▸ PROBLEM TO SOLVE:
Everything below from the line with "而 持仓超过10年时,客户盈利人数占比达到98.41%,平均收益率 达到惊人的" through the line with "Kleine blonde cupid-ähnliche" should be copied exactly, and nothing else; leave out the pictures.

▸ EXERCISE MATERIAL:
* * * *
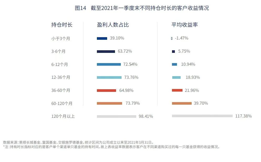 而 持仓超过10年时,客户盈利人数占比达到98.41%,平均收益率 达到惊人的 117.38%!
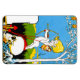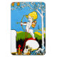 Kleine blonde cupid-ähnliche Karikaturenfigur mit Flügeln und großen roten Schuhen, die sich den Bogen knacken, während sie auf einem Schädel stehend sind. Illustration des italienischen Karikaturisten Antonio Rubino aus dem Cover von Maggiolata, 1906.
* * * *
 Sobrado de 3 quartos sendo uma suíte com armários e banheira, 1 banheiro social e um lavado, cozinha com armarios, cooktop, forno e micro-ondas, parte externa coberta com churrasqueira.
* * * *
▸ WRITTEN SOLUTION:
 而 持仓超过10年时,客户盈利人数占比达到98.41%,平均收益率 达到惊人的 117.38%!
 Kleine blonde cupid-ähnliche Karikaturenfigur mit Flügeln und großen roten Schuhen, die sich den Bogen knacken, während sie auf einem Schädel stehend sind. Illustration des italienischen Karikaturisten Antonio Rubino aus dem Cover von Maggiolata, 1906.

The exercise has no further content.